スモール・オフロードクラスでは、日本にはまだ入っていないVW T-Rocが受賞。各項目の評価はXC60やアルテオンには劣るものの、このクラスとしては最高の安全性と評価されたようだ。コンパクトカーのカテゴリーであるスーパーミニでもVWポロが受賞。歩行者保護や安全装備ではやや厳しい評価だったが、総合的な評価でベスト・イン・クラスに選ばれたようだ。

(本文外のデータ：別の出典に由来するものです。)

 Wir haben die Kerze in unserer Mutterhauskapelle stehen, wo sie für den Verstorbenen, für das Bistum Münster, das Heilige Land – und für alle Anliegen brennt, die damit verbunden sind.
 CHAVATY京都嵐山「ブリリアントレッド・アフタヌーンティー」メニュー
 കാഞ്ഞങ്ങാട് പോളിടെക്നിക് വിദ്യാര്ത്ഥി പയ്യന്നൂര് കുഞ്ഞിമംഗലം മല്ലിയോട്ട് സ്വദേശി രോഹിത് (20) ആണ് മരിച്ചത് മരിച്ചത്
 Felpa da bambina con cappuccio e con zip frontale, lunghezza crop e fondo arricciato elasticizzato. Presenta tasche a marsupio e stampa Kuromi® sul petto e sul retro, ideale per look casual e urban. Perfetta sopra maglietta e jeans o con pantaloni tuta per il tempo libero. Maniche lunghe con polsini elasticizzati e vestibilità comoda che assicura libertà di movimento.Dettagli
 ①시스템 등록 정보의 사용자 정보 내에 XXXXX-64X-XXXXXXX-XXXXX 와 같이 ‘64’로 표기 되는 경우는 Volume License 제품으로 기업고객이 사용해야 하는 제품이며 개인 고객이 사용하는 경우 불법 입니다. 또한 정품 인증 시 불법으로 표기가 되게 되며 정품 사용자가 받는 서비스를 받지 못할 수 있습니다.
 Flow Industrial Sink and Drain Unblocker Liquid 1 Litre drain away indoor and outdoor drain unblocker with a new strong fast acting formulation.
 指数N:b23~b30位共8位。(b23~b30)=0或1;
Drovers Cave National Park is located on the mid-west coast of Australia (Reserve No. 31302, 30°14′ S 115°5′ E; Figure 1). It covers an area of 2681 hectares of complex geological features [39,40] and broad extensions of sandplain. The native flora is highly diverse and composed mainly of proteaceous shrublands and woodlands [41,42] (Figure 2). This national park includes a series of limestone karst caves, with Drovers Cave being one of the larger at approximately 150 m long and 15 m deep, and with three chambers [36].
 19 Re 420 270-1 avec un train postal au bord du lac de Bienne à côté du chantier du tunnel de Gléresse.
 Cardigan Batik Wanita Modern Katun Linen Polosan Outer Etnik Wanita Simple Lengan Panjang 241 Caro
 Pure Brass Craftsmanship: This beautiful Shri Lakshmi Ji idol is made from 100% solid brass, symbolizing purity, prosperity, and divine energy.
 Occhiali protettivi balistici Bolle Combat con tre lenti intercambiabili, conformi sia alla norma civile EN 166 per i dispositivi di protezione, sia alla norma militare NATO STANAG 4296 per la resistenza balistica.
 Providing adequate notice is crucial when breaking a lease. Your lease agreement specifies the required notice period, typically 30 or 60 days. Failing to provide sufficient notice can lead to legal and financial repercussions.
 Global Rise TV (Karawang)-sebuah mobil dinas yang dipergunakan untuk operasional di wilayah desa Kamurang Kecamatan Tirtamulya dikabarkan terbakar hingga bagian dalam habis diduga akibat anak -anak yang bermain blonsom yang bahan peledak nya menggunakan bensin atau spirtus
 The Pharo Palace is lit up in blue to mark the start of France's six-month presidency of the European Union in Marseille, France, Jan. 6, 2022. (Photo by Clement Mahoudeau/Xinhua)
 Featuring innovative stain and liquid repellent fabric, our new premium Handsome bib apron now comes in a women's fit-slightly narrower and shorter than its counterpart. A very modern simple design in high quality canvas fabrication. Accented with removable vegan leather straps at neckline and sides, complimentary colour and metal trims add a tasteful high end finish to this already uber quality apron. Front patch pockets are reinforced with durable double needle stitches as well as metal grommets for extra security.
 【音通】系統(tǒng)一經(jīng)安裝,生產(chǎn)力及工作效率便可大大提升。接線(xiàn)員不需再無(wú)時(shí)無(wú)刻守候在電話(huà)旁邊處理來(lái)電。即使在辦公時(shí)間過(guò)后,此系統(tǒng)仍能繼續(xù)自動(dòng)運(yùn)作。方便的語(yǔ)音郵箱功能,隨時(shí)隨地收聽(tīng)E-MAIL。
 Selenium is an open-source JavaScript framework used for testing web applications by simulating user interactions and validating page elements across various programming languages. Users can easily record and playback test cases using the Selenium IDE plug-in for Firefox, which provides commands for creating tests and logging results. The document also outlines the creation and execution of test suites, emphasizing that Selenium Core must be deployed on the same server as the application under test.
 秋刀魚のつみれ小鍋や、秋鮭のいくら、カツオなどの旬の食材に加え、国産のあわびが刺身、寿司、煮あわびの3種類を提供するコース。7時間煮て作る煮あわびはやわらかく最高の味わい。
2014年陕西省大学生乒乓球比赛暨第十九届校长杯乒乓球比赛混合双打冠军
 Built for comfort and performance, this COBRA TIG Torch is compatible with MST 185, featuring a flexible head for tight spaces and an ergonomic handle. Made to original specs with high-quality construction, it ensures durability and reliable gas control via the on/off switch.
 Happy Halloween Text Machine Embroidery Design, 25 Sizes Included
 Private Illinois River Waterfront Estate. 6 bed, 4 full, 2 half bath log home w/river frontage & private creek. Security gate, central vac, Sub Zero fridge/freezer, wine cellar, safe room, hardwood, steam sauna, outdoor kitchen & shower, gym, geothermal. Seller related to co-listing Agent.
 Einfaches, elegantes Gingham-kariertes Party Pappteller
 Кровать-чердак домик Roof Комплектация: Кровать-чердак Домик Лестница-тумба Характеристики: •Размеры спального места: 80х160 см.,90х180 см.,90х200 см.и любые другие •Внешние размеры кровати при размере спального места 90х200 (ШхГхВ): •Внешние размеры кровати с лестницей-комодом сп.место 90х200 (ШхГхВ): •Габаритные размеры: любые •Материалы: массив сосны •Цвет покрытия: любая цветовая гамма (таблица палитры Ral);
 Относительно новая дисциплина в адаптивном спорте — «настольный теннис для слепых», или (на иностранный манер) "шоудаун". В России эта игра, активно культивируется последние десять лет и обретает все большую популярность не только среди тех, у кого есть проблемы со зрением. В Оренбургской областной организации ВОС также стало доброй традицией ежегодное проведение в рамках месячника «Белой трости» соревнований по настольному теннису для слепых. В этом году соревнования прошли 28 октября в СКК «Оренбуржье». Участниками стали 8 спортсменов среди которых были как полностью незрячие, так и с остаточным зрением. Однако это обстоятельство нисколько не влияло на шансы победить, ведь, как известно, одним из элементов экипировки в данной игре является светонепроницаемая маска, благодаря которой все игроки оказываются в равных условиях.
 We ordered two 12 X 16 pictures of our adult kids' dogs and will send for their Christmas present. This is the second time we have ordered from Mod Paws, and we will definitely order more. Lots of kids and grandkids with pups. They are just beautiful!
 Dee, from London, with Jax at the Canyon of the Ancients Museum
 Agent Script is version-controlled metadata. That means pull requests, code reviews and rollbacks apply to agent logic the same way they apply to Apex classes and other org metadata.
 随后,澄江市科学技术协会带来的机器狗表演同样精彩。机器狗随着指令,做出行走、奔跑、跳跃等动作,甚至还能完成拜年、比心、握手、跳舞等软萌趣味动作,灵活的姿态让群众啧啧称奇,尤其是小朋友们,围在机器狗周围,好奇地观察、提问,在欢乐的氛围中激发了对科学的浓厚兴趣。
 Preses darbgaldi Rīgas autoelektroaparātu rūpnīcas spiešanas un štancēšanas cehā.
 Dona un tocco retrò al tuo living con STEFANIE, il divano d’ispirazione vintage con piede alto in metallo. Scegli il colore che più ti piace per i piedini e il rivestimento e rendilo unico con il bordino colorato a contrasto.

ちなみに6クラスのうち3クラスをVWが制しており、これはなかなかの快挙といえそうだ。

 

コンパクトSUVのクラスであるスモールMPVではオペル/ボクソールのクロスランドXが受賞。日本への正規輸入はなく、各項目の評価もさほど高くないが、このクラスでは最も安全と結論づいけられている。そしてスモールファミリーカーのクラスではスバル・インプレッサ/XVがベスト・イン・クラスを受賞。小児保護性能では全車トップ、歩行者保護性能でも高評価を得た結果で、日本車では唯一の受賞として誇ってもいいだろう。’18年からは夜間の歩行者検知機能や自転車検知機能も評価基準に加えるなどより厳しくなるユーロNCAPだが、’17年の最高評価を上回るクルマが次々と出てくるのか。期待したい。